The administration is also considering eliminating the Department of Education, and Underly warned that people need to be prepared. 

“If he says that’s what he’s going to do, we have to believe them… I don’t think people realize all the different things the Department of Education administers,” Underly said. She noted many programs work to ensure certain people have equal access to education, including kids and families in poverty, students with disabilities, English language learners, Native American students, kids in rural areas and girls.

“There’s so many protections in place… I think of the funding that our schools get, our state gets money from the Department of Ed. I don’t know if the state Legislature would be willing to fill those gaps,” Underly said. “There’s a lot to be concerned about.” 

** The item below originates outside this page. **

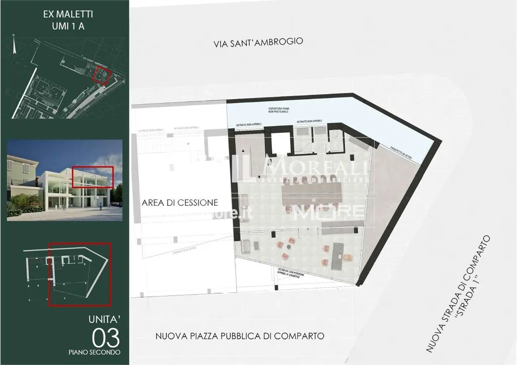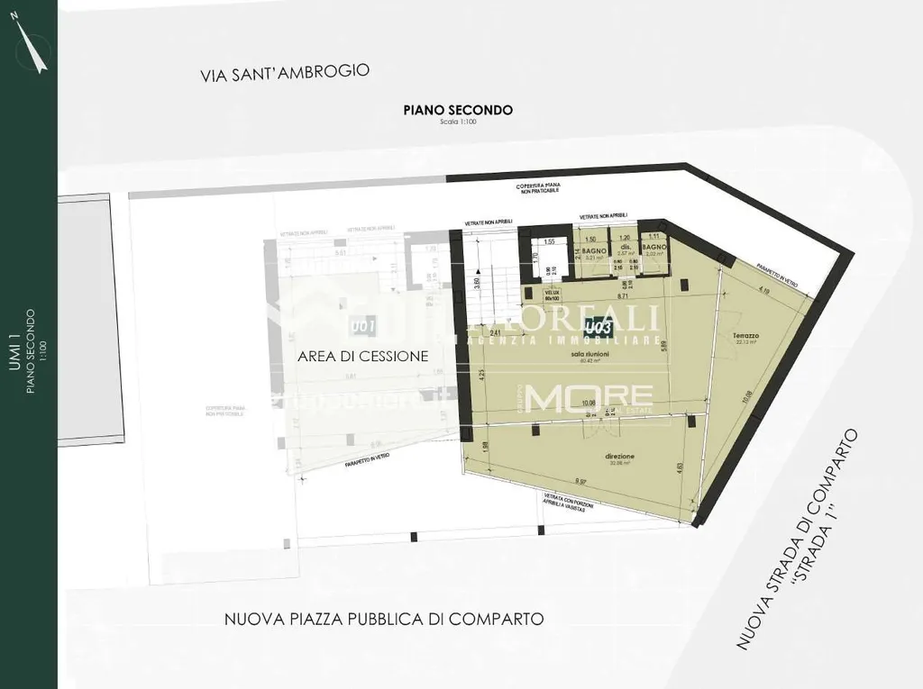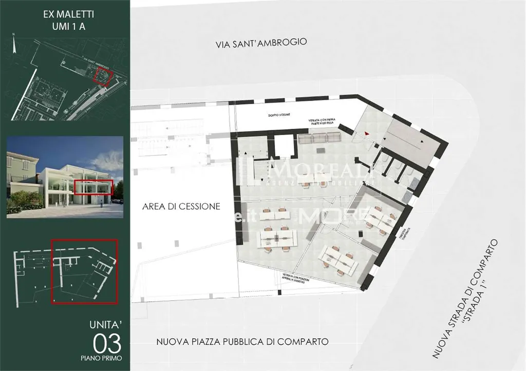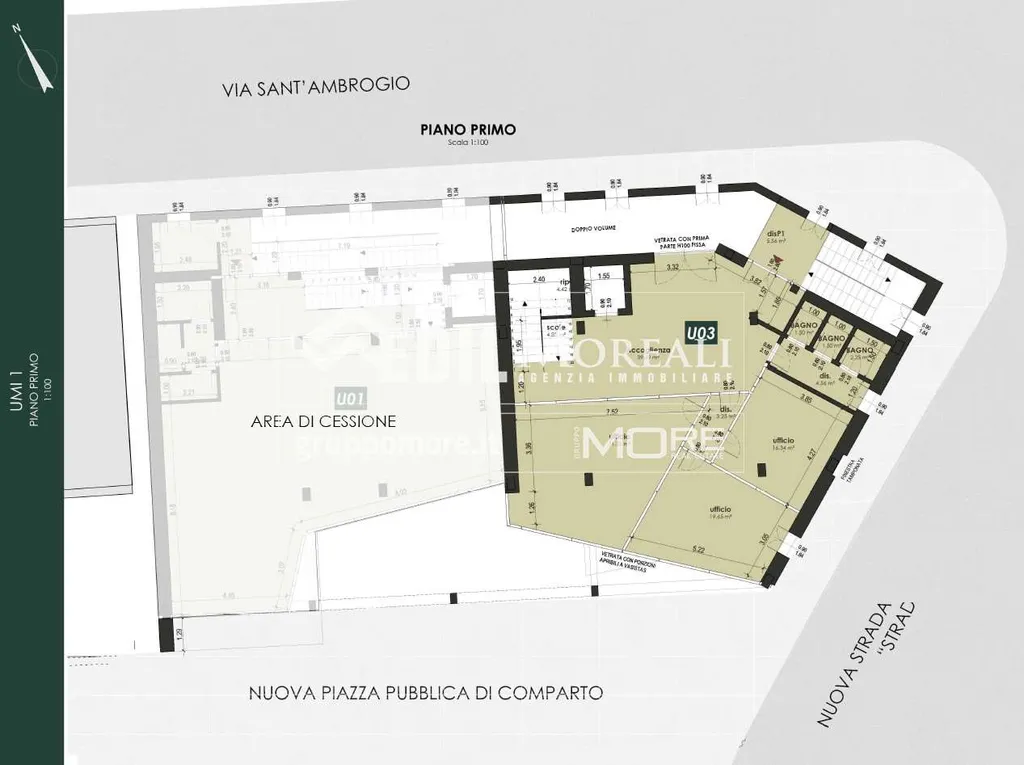 Al primo piano della palazzina UMI1A vendesi ufficio "U3" di 298 mq. su due livelli (piani 1° e 2°) dotato di ingresso indipendente e ampie vetrate.
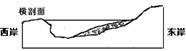 5、单选题 该图是北半球某条河的剖面图,据此判断该河流流向 ( )

Trump has also signed executive orders that attempt to eliminate diversity, equity and inclusion in government, the private sector and schools. He has also eliminated a policy that stopped Immigration and Customs Enforcement (ICE) from going to “sensitive areas” — a decision that opens schools up to immigration raids.

Underly said her “North Star” is focused on “creating safe, welcoming environments where every child feels valued and respected, where every child feels they belong so they can thrive.” She said DPI trusts schools and educators to work closely with families and communities to support all students, though the agency is also providing guidance. 

“I’m going to always stand up for kids, especially your most vulnerable kids, and just remind people to stay focused on what matters,” Underly said. “We’re going to follow the law, and we gave them the guidance that will help them.”

The primary election is Tuesday, Feb. 18, and the general election is on Tuesday, April 1.